Même son de cloche recueilli auprès de Najib Akesbi, Nezha Lahrichi ainsi que d’autres économistes qui ont préféré s’exprimer sous couvert d’anonymat. Déçus, ils estiment qu’on a tous été un peu rêveurs en imaginant que la crise du Covid pourrait secouer le cocotier, nous sortir des dogmes du passé et enclencher des ruptures profondes dans la gestion de la politique budgétaire.

Industrie : quelques lueurs d’espoir

Le Maroc post-Covid sera donc le même que celui d’avant la pandémie. C’est le seul message lisible qui transparaît, selon nos sources, de ce PLFR. Sauf peut-être en ce qui concerne la nouvelle stratégie industrielle, pour laquelle quelques signaux positifs ont été envoyés à travers ce texte, comme le note Omar Balafrej.

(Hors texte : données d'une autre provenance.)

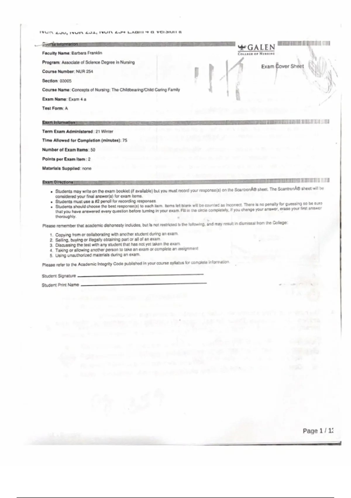 INUN 20U, IVUIN 204, INUN 24U LA+ a vociowia % GALEN T i Faculty Name: Barbara Franklin Co 2 or NURSING Program: Assoclate of Science Degree in Nursing = ] b : | Exam Cover Sheet Course Number: NUR 254 Section: 03005 Course Name: Concepts of Nursing: The Childbearing/Child Caring Family Exam Name: Exam 4 a Test Form: A T EERAEET e VELT Term Exam Administered: 21 Winter Time Allowed for Completion (minutes): 75 Number of Exam Items: 50 Points per Exam Item: 2 Materials Supplied: none BETEENNInO TN « Students may write on the exam booklet (if available) but you must record your response(s) on the ScantronA® sheet. The ScantronA® sheet will be considered your final answer(s) for exam items. « Students must use a #2 pencil for recording responses + Students should choose the best response(s) to each item. ltems left blank will be counted a that you have answered every question before tumning in your exam. Fill in the circie completely, thoroughly. s Incorrect. There Is no penalty for guessing so be sure It you change your answer, erase your first answer Please remember that academic dishonesty includes, but is not restricted to the following, and may result in dismissal from the College: . Copying from or collaborating with another student during an exam. . Selling, buying or illegally obtaining part or all of an exam. . Discussing the test with any student that has not yet taken the exam. . Taking or allowing another person to take an exam or complete an assignment . Using unauthorized materials during an exam. B wWN - Please refer to the Academic Integrity Code published in your course syllabus for complete information Student Signature Student Print Name = Page 1/ 1%N . disorderv(ADHD)~at~arschoo|.w‘ s shguld = a. Completes projects quickly. b. Prefers detailed tasks. === c. Refrains from volunteering. ( .} Grabs items from others without thinking. ud 2. The nurse is caring for an infant who is having an active seizure. Which of the following actions should the nurse perform when caring for the infant during a seizure? a. Place the infant in the prone position inside the crib. b. Suction any secretions out of the infant's mouth. can, Swaddle the infant to keep them warm and safe. : d” Remove any items out of the crib that can harm the infant.. 3. The nurse is screening infants for signs of cerebral palsy. Which findings from the box below should the nurse recognize as early signs of cerebral palsy? 1. Poorhead control/lag after fi & ’ @ n 1 month. 2. Feeding difficulties. «8uFailuretosmileby 2 months= 4. Persistent Moro reflex 5. Rigid arms or legs: A 296 b. . 3,4,5. ?:, ] v1|’12:,|5.0 1% 2,4,5. ¥ {d 4. The nurse is admitting a toddler who is being hospitalized following a near-drowning accident/submersion injury. The toddler is spontaneously breathing but is unconscious. Which of the following actions should the nurse perform first? '( 3) Administer oxygen via face mask. //- ‘b7 Implement seizure precautions. L c. Notify spiritual advisor of parents’ choice. d. Obtain arterial blood gases (ABGs). Page 2/13 OV INUN £04, INUN 20 LAl 4 a velaiun a Thq nurse is asses§ing a 6-year-old child for manifestations of autism spectrum disorder (ASD). Which of the following manifestations should the nurse expect to observe in this child? a. Continuous eye contact. ’ oq 3 b. Increased imitation of others, F . Interest in various activities. 0 ‘Verbal development delay: 6. Thenurseis caring for a child who has increased intracranial pressure (ICP) and is in stable cg_rlig’i?tion. Which of the following interventions should the nurse implement to decrease ICP in the chi a. Increase the number of visitors inside the child's room. Administer hypotonic intravenous (1V) fluids. Keep the child positioned midline on the bed. d. Administer opioids for pain control. 7. Thenurseis caring for a child who had a ventricular shunt placement 24 hours ago. The child is sitting up in bed crying and has vomited a small amount on the bed linens. Whick, of the following actions should the nurse take first? ‘a Perform a neurologic assessment. b. Obtain a complete metabolic panel (CMP) specimar c. Comfort the child while the linens are changes. d. Inspect the incision site for infection. 8. The nurse is caring for a child who is hospitalized for 24-hour observation follewing a head injury. Which of the following actions by the nurse is the priority? a. Assess for neck stiffness. b. Lower the television sound. @ Checking pupil reaction every 4 hours. d. Restrict visitation to 1 person at a time. ) . 9. Thenurse is assessing a child who is in a coma and notes decorticate posturing. Which of the following findings should the nurse expect the child to demonstrate? a. Rigid extension with head arched back, arms extended by the sides, and legs extended. Rigid flexion with elbows, wrists and fingers flexed, and legs extended and rotated/inward. 7 Abnormal flexion of upper and lower extremities. d. Abnormal extension of the upper extremities and flexion of lower extremities. 0 135" Paae 3/1: =— 10. 1. 12. 13. The nurse wurse is is caring cari for a child i who is i §uspected ofha f having lumbar still pending, Whigh of the following ac == - pio-Adminlstermorphinessilfate: LRI E | ; @) Assessing neurological status every 2 to 4 hours. »z d. The nurse is caring for a child who has Reye's syndrome. Which of the following should the nurse bacterialmeningiis, meningitis. The The rosuls resul of he fions the priority? et - v ~ Dectease noxiousolfactory stimuli: Maintain a lighted environment. include in the child's plan of care? a. 9 The nurse preceptor is discussing Down's syndrome with a newly hired nurse. Which of the following v Change the child’s body position every 2 hours. Assess the child for diplopia in both eyes. Administer salicylates for increased temperature every 4 hours as needed (PRN). Provide the child a quiet atmosphere with dimmed lighting: clinical manifestations identified by the new

C’est le cas de l’activation de la préférence nationale dans les marchés publics, et l’augmentation des droits de douane de 30 à 40% sur les produits finis de consommation importés de pays hors ALE. Insuffisant pour amorcer le nouveau virage industriel comme imaginé par Moulay Hafid Elalamy -qui suppose une renégociation de l’ensemble des ALE signés par le Maroc. Néanmoins, ces mesures envoient au moins un signal, montrent un cap, une volonté affichée d’aller vers une protection raisonnable de l’industrie et des entreprises locales. Et signent le début d’une rupture avec les dogmes du passé en matière de commerce extérieur.

Autre lueur d’espoir soulignée par le député FGD : le texte sur l’industrie de l’armement examiné en Conseil des ministres. « On ne connait pas encore les détails de ce que prévoit ce texte, mais ce signal me paraît positif. Il peut être potentiellement porteur d’espoir en termes d’investissement et de création d’emploi industriels, et peut nous économiser des milliards de dollars en importations », signale Omar Balafrej.